Ever have those times where a binary is acting wonky, and once in a blue moon raises an unusual error? You can't just rebuild the binary and deploy it to 10,000 machines to debug it. It needs to be on all the time.

It is unbelievable the mental hoops the Go implementers jump through to explain how their anemic error type is actually better.

heavenlyhash · on Dec 7, 2017

I've come to disagree with the notion of stacks being attached to every error.

And I say that having previously authored a library for attaching stacks to every error in golang, and having used it for several months in several projects.

It's very useful for errors to say something about where they're from. It's possible to do that in more ways than simply having a line number -- I think we've all become a little to quick to be reliant on line numbers as the best, or even only way to tell that story; it just ain't so. Line numbers are great when you're in a development cycle on your own personal laptop, and the source checkout and one binary you're running are in lockstep. Line numbers become completely insufficient when you're debugging a large system, particularly if it has more than one version of a particular process. Quick, what's "Line 169" mean when it shows up in your logging bucket during a rolling blue/green deploy of your code to a >100 node cluster?

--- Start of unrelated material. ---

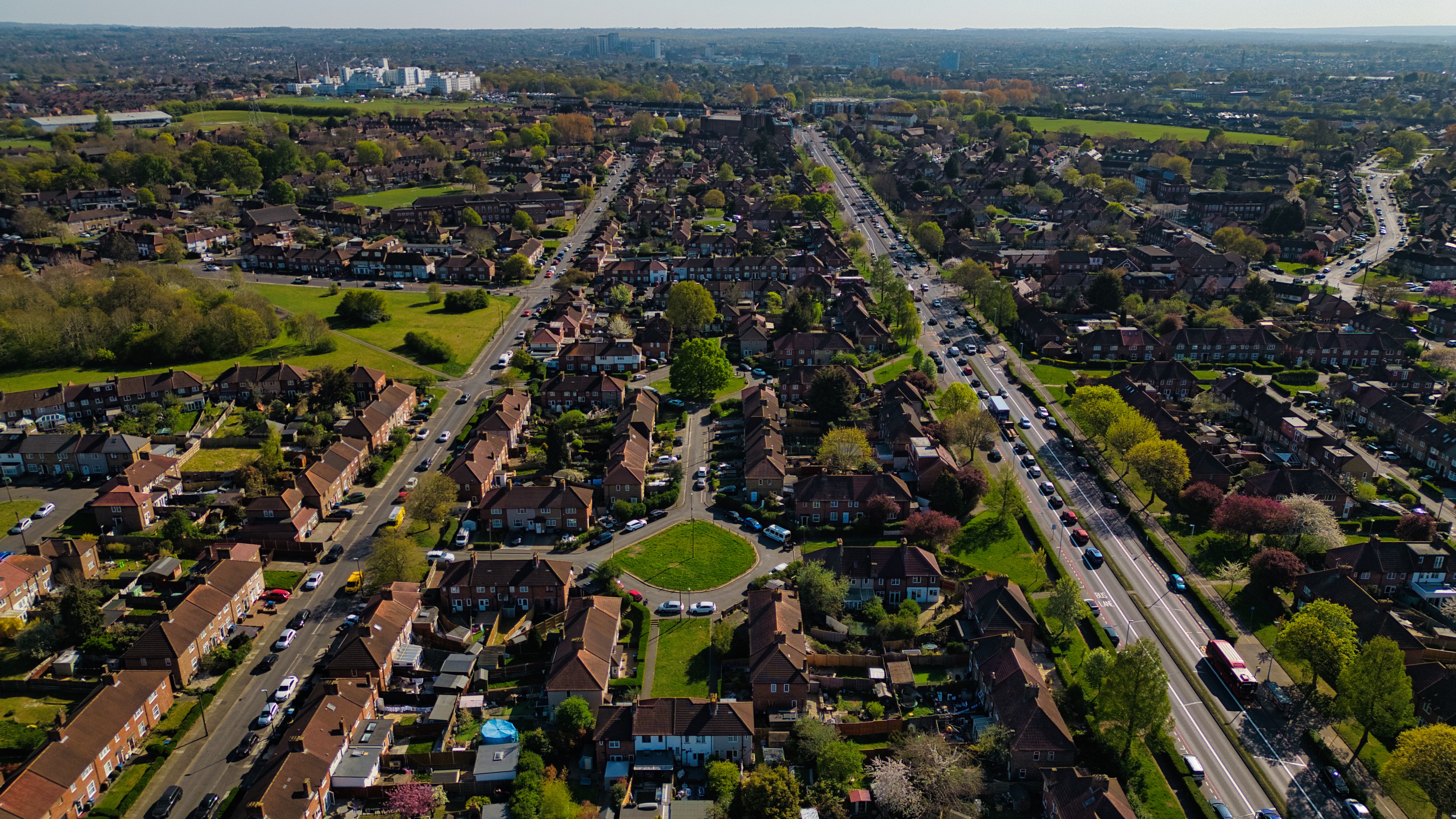 Aerial view of a suburban neighborhood with streets, houses, cars, and green spaces, taken during the day in Morden, London, UK.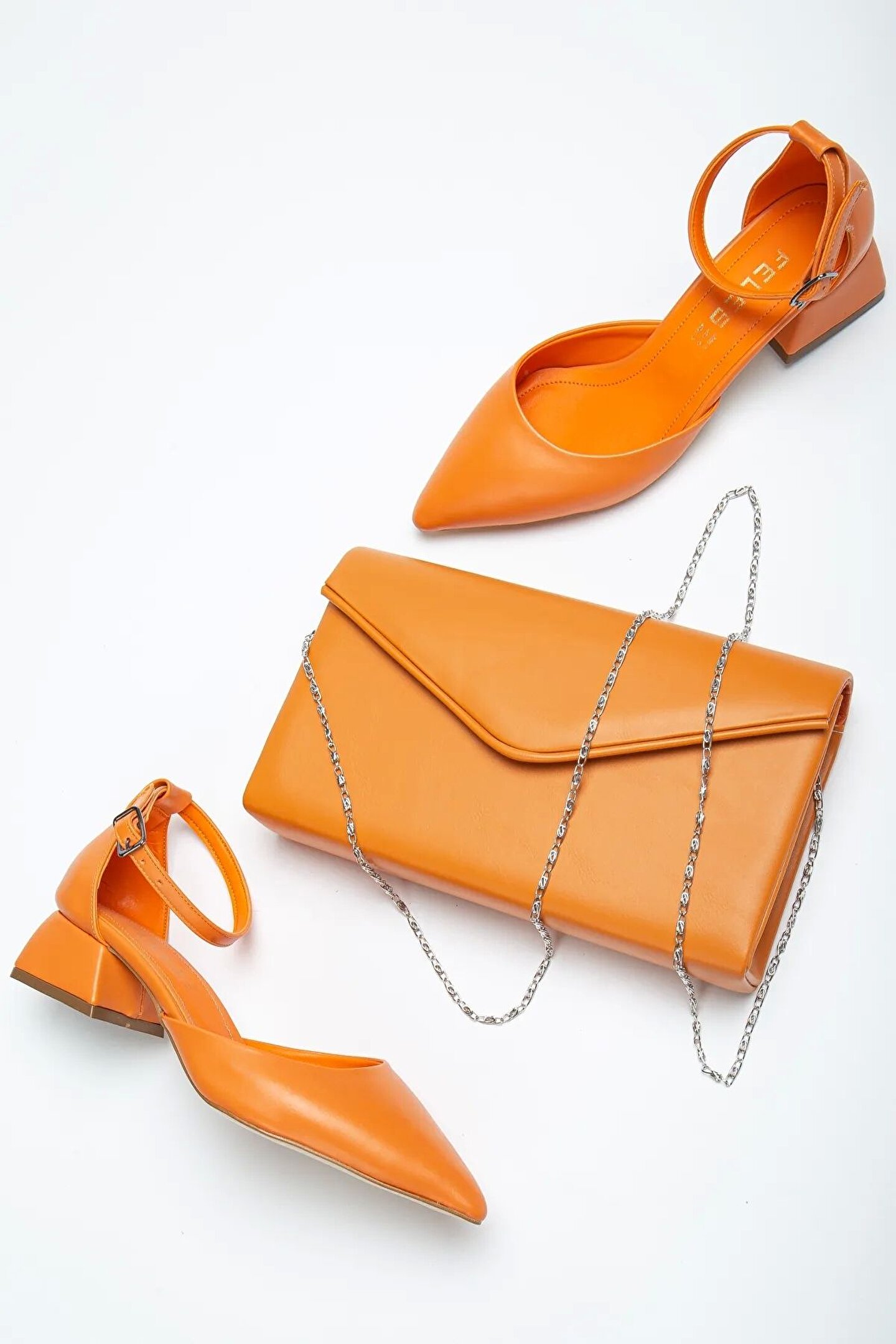 Kadın KOMBİNLİ 3 cm Topuklu Günlük Yazlık Ayakkabı Turuncu

Stack traces are just a slice of line numbers. They're not magical, and since it's not a given that line numbers provide all context necessary to trace something, it follows that stack traces don't necessarily provide all context necessary to trace something either.

sciurus · on Dec 7, 2017

Stack traces not providing enough context necessary to trace something is an argument for attaching, more information to errors, not less.

Checking entries in my https://sentry.io installation, for example, I see the exception, the stack trace, the server the error occurred on, the release it was running, the URL being accessed, the values of local variables, etc. Having all this is invaluable for understanding what went wrong.

ereyes01 · on Dec 8, 2017

I agree, there's too much uncertainty with line numbers, especially in a changing codebase.

A system I used to work on (in C) had the build system generate unique error codes for every unique error point. The codes were 64 bits and consisted of an eye-catcher prefix for easy identification in a hex dump (think it was 0xEEE7), 24 bits identifying the file, and the rest was the error code. Every build generated a map file for you to look up error codes quickly. To generate one of these errors, you called a macro with ugly magic code that generated the unique part of the code, and returned that, logged it in the trace, or whatever.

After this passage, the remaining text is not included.